**DATA FOR THIS TASK**
*** Block opens ***
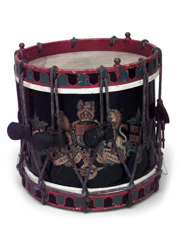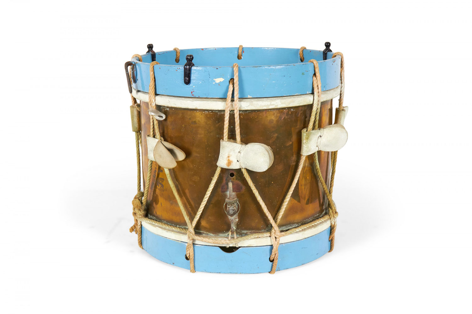 2 English Victorian brass and blue painted Regimental drums (PRICED EACH)
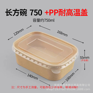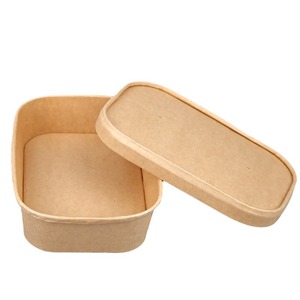 厚手のサラダ用食品グレードの正方形使い捨てテイクアウト用包装箱、牛革紙製弁当箱、ファーストフード用長方形ボウル
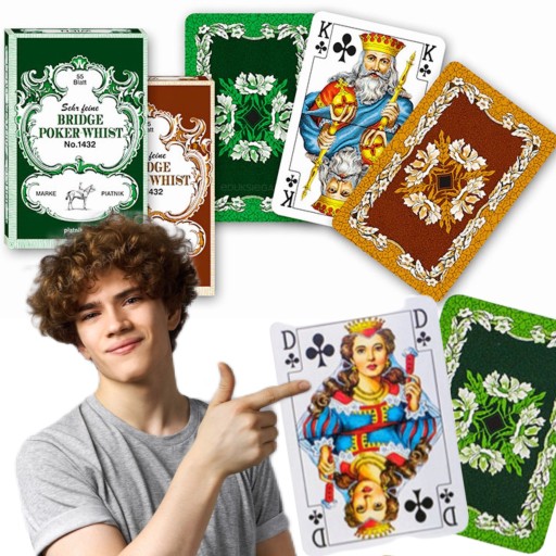 ✅ Na awersach kart znajdują się piękne figury, a na rewersach i opakowaniu charakterystyczne liście dębu w dwóch wersjach kolorystycznych - brązowej oraz zielonej.
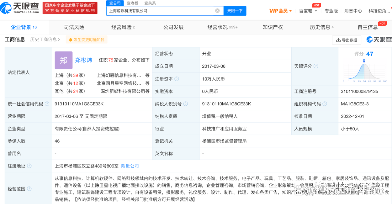 天眼查App显示,萌派科技成立于2017年3月,法定代表人郑彬炜,注册资本10万元,公司经营范围含从事信息科技、计算机软硬件、网络科技领域内的技术开发等。
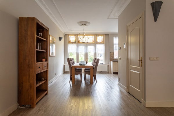 Eerste woonlaag (tweede verdieping): entree via open portiek en eigen opgang; hal met separaat toilet. Riante living aan de voorzijde (plafondhoogte ca. 2,90 m) met doorloop naar eetkamer en halfopen keuken aan de achterzijde. Via dubbele deuren toegang tot het eerste ruime balkon/terras.
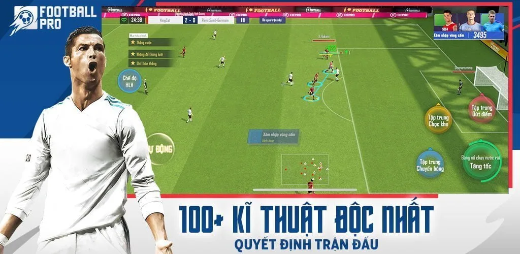 Football Pro VTC là nơi game thủ được tự do thể hiện các kỹ năng, kỹ thuật như bóng đá trên sân cỏ ngoài đời. Đảo chân như Ronaldo, rê bóng như Messi, múa skill như Neymar hay bứt tốc dứt điểm như Mbappé.
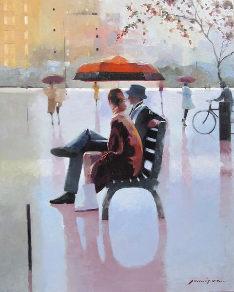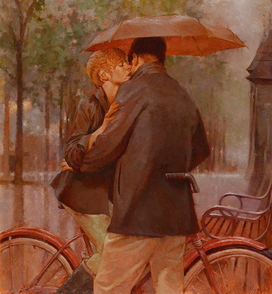 Haddon Hubbard Sundblom created this painting, titled *A Talk in the Park*, which captures a moment of everyday life. Sundblom was known for his commercial illustrations and this work reflects a similar approach, depicting an ordinary scene with a focus on realism and detail. The painting invites us to think about the social dynamics present. We see a man and a woman sitting on a park bench, engaged in conversation. Their attire suggests a working-class background, and their interaction might reflect the gender roles and social expectations of the time. What are they talking about? Is it idle chatter, or something more profound? The setting, a public park, is a space where different classes and social groups converge. It also evokes questions about privacy, community, and the ways in which we connect with others. Sundblom's attention to detail in rendering their clothing and expressions adds a layer of emotional complexity to the scene.
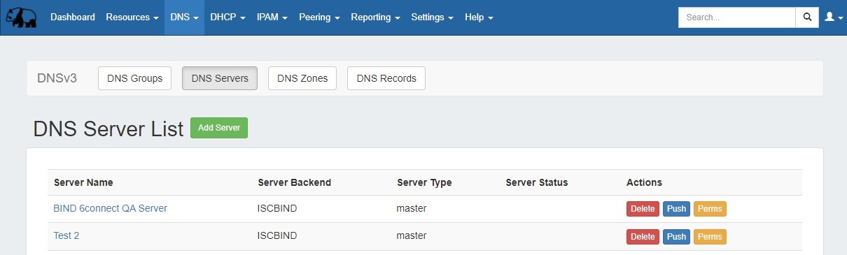 Users with resource "read" permissions may view DNS Server information, however only those with either Admin permissions or granted group-level server permissions can manage DNS server creation, edits, and deletion.
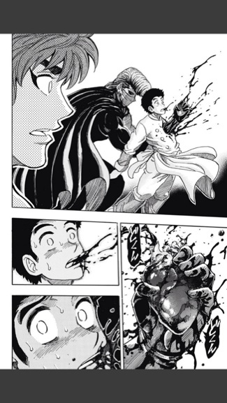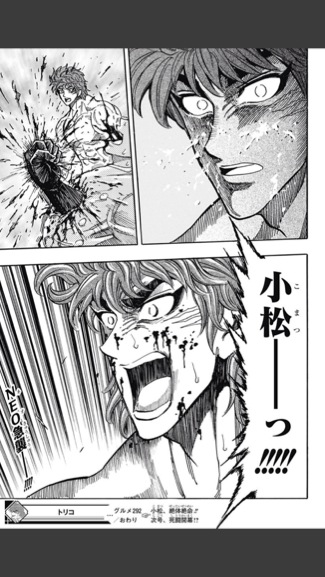 小松の心臓が鉄平に握りつぶされる回。小松は今も眠り続けてます。(1/28)心臓握りつぶす=死みたいな直球描写、嫌いじゃない。ハンターハンターも最初のほうでキルアが心臓握りつぶしてたなあ。冨樫先生仕事してください。
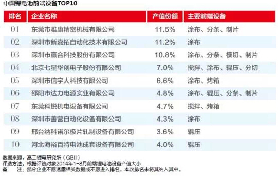 高工鋰電產(chǎn)業(yè)研究所(GBII)經(jīng)過詳細(xì)深入調(diào)研,評(píng)選出2014年中國(guó)鋰電池前端設(shè)備TOP10企業(yè),以期對(duì)讀者有所裨益。
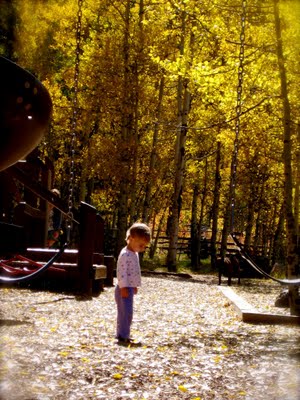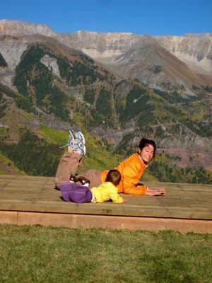 Telluride’s Town Park which offers the general public access to swimming, duck/fish pond for kids, two kids playgrounds, creeking, baseball, camping, horseshoes, showers, ice rink, indoor soccer, and i forget what all else dovetails directly into Bear Canyon; a world class leaping off place for ultra beautiful backcountry experiences. Muir woulda been proud. Dewa doing laps on the baseball diamond field. we’d reach one side and give, “THREE CHEERS FOR HAPPY FALL!” and run back across! photo yesterday by ilg.
*** Block closes ***
For the data above, set down exactly the lines from the line with "Eerste woonlaag (tweede" to the line with "Football Pro VTC", both included, leaving pictures out.

**OUTPUT OF THE EXERCISE**
 Eerste woonlaag (tweede verdieping): entree via open portiek en eigen opgang; hal met separaat toilet. Riante living aan de voorzijde (plafondhoogte ca. 2,90 m) met doorloop naar eetkamer en halfopen keuken aan de achterzijde. Via dubbele deuren toegang tot het eerste ruime balkon/terras.
 Football Pro VTC là nơi game thủ được tự do thể hiện các kỹ năng, kỹ thuật như bóng đá trên sân cỏ ngoài đời. Đảo chân như Ronaldo, rê bóng như Messi, múa skill như Neymar hay bứt tốc dứt điểm như Mbappé.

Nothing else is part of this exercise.